IMO, this is because you're using it the wrong way around. The decision we
made when introducing xorg.conf.d snippets ~6 years ago was that
configuration overrides any system stuff. I was never a big fan of udev
setting xkb layouts directly but it was needed for Debian at the time
(iirc) and it's been there ever since. We don't support any other option
being set in udev directly.

The correct approach to configuration like you want it is to write an
xorg.conf.d snippet. localed uses the 00 prefix for a reason, so it can be
overwritten by anything that sorts higher. you can easily emulate the static
defaults by having a udev PROGRAM rule that drops a 01-... xorg.conf.d
snippet.

> >> Also, anything plugged in to Xorg after running localectl (thus updating
> >> 00-keyboard.conf) will also get the "us" keymap (as that was what was in
> >> place at Xorg init time).
> >>
> >> Wouldn't it be better to do the following:
> >>
> >> 1. deprecate the 00-keyboard.conf xorg.conf.d file
> >> 2. Instead apply the locale settings in udev via "xkb*" properties
> > 
> > No, certainly not. The Xorg fragment is actual
> > configuration. Configuration should beat the rulesets really, which
> > carry device metadata. 
> 
> Well, I don't disagree, but it would be nice to have a way such that
> inserting a new USB keyboard after configuring the global default, that
> it *actually* takes effect. Currently, without some other layer on top
> (as in GNOME), localed does not achieve this, but the udev approach does.
> 
> To summarise: currently localed requires an Xorg restart for the
> defaults to be used which is not very "dynamic and hotpluggy" which is
> the usual systemd mantra! Using udev rules would allow this to be
> dynamically supported out of the box - but it is arguably the wrong
> place to store configuration.

It would also be inconsistent. X only reads config files on startup. You may
want to configure other things at runtime like tapping, scrolling, or even
what devices are to be ignored. All of this only takes effect on server
restart.

at which point we need to ask the question: what makes keyboards so special?
and the answer seems to be that your DE doesn't support hotplugged
keyboards, per-user keyboard settings, etc. So it feels to me, and correct
me if I'm wrong here, that you want to reshape the default handling so you
don't have to fix it in your DE (I don't actually know which one you're
using, sorry).

The defaults are just that, defaults. We have some built-in ones in the
server (you can change them at configure time), localed provides slightly
more flexible defaults, but in the end it comes down to: keyboard layout is
a very user-specific thing and not as static as defaults. The DE should
handle this correctly, on a per-user basis.

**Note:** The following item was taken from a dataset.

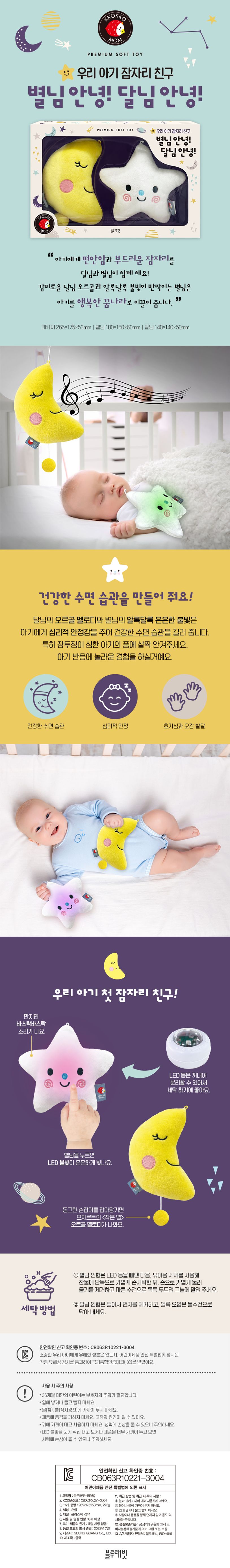 건강한 수면은 아기의 신체 발달과 정서 발달에 많은 영향을 준다. 잠을 잘 자야 키가 자라고 두뇌가 발달하며 면역력이 높아지기 때문이다. 아기가 칭얼대고 잠투정을 할 때 별님과 달님을 아기의 품에 안겨 주자. 알록달록 은은한 불빛의 별님과 맑고 고운 오르골 멜로디가 나는 달님이 아기가 편안하게 잠들도록 도와준다.
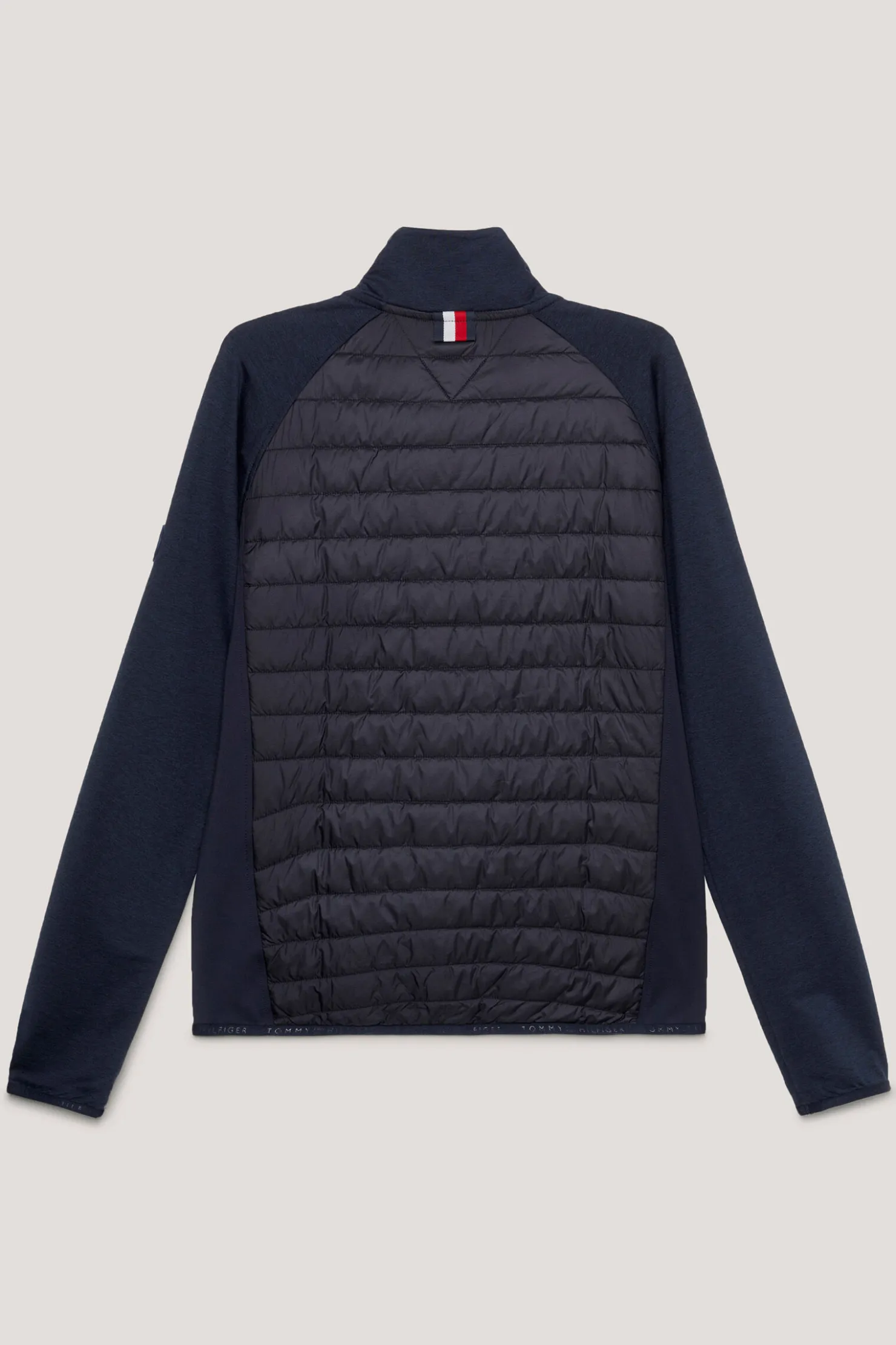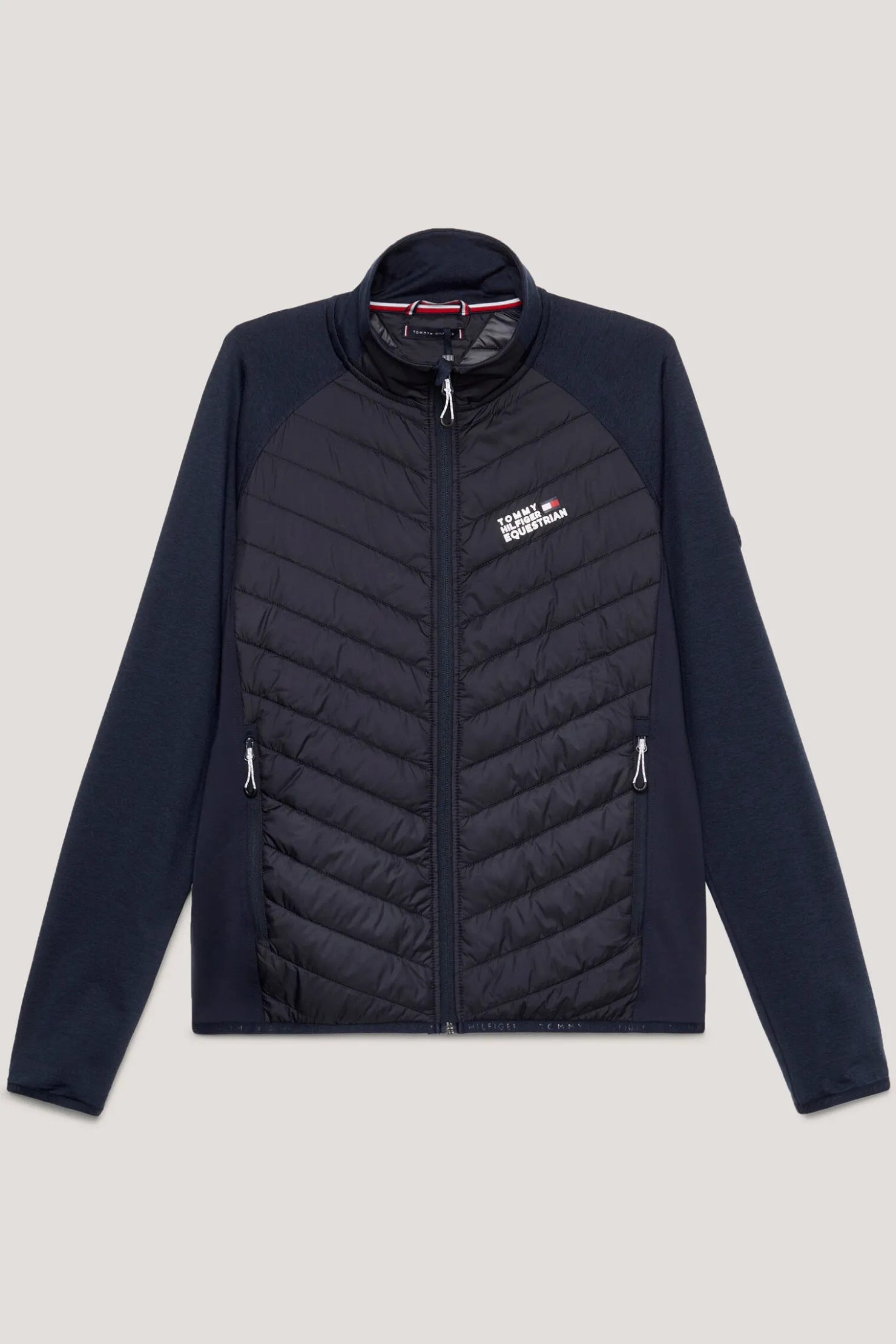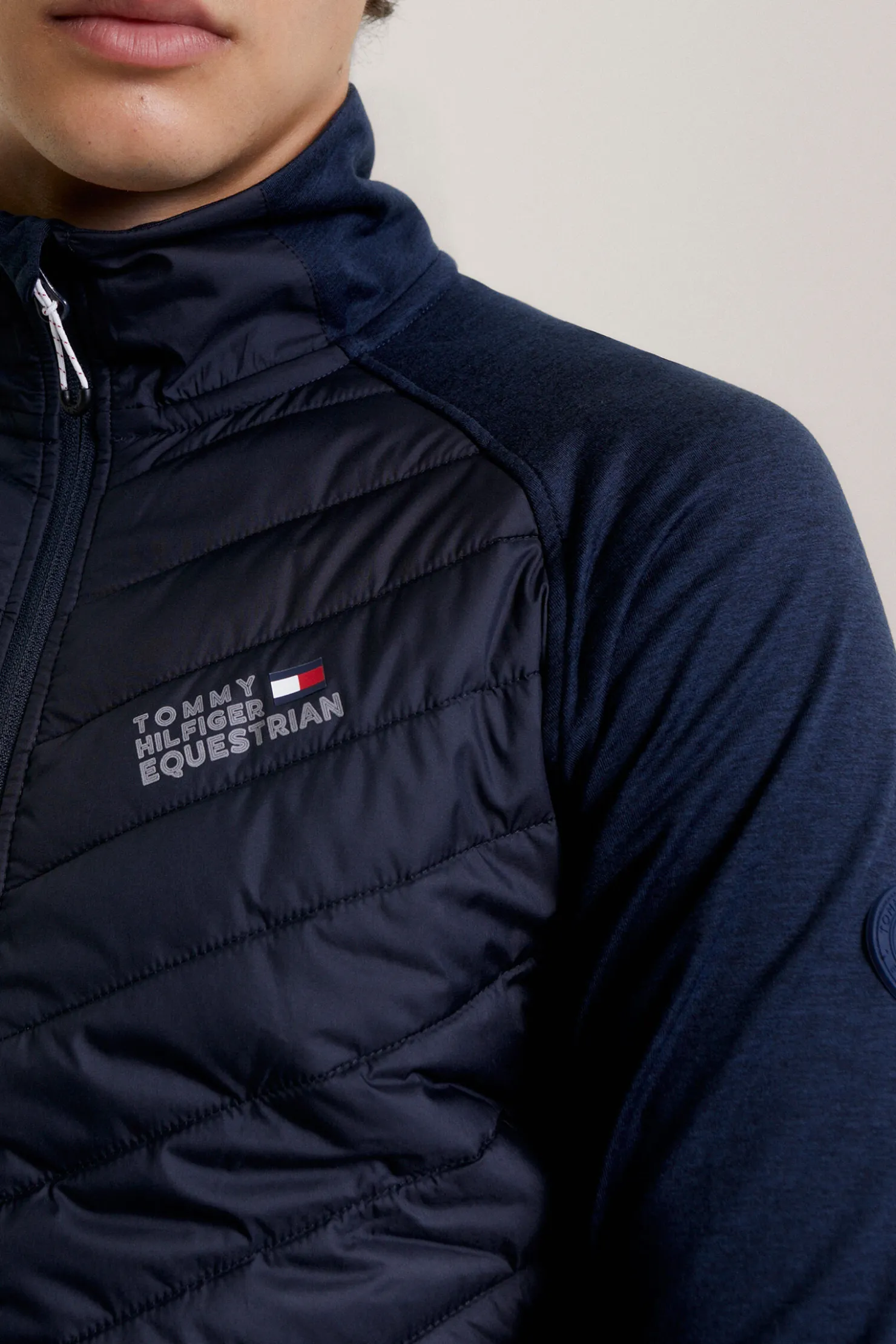 Perfekt for å holde deg varm samtidig som den gir maksimal fleksibilitet. Vår hybridjakke har en stretch-erme og sidepaneler for mer bevegelsesfrihet. Denne jakken er designet med reaktivt varmebalansestoff og er laget for å frigjøre varme i varmere temperaturer og låse den inne når været avkjøles. Med tomaterialskonstruksjon for komfort og ytelse, reflekterende Tommy Hilfiger-logotrykk på brystet. 100 % resirkulert polstring inni for den mer bærekraftig bevisste rytteren.

> So considering you're definitely against it, another possibility would
> be to teach the evdev driver in xorg (and anything else xkb based) to
> read e.g. /etc/xkb.conf on each hotplug event. This could be a
> "standard" file that could also be parsed by kmscon and Wayland
> compositors too (as Mantas pointed out in his reply - I don't know much
> about this) and localed could manage this file instead of an xorg snippet.
> 
> 
> Or evdev could just be taught to ask localed via dbus for the xkb
> defaults and use that to trump it's startup prefs? (or if startup prefs
> are to be considered sacred, then we'd just make localed read/write it's
> own private config file (perhaps called /etc/xkb.conf or something
> higher level) and not actually write it to xorg.conf.d at all - there
> are no startup prefs and consulting localed would primary way for this
> to work). The downside here is that localed would always have to fire up
> when xorg starts (unless, I guess, if prefs *are* sacred and are all
> provided in which case you could simply skip consulting localed and
> avoid this).

fwiw, evdev doesn't do anything with the xkb layout other than collect the
options and pass it to the server on init. if anything, the above approach
would be better implemented by merging the common bits into the server.
then again, I'm not a fan of changing all this anyway.

> Are either of these options that would work for you? Both would provide
> the "dynamic" benefits that we (Mageia) have now with the udev approach.
> If either are acceptable, I could hack on that. If not, do you have any
> other suggestions for solving this problem properly?

yes. add keyboard support to your DE :)
how do you handle tapping, scrolling, all the other user-specific
configurations right now?
 
> And speaking of that, what is the long term goal for configuring
> keyboard layout settings under libinput related stuff anyway? I presume
> it somehow inherits from xorg.conf for a libinput based xorg (I think
> this is a short term plan), but how would it work under wayland... where
> will localed write this info (or will we just ask localed directly for
> the needed info here in which case where it saves/loads this info from
> is irrelevant)?

libinput itself doesn't do keyboard layouts, it sits just below. the
compositors are what handle the layouts and they'll cook up their own
scheme. GNOME works as before because the gsettings backend remains, weston
has weston.ini read on startup. the libinput xorg driver works like evdev,
i.e. it collects the options and passes them to the server.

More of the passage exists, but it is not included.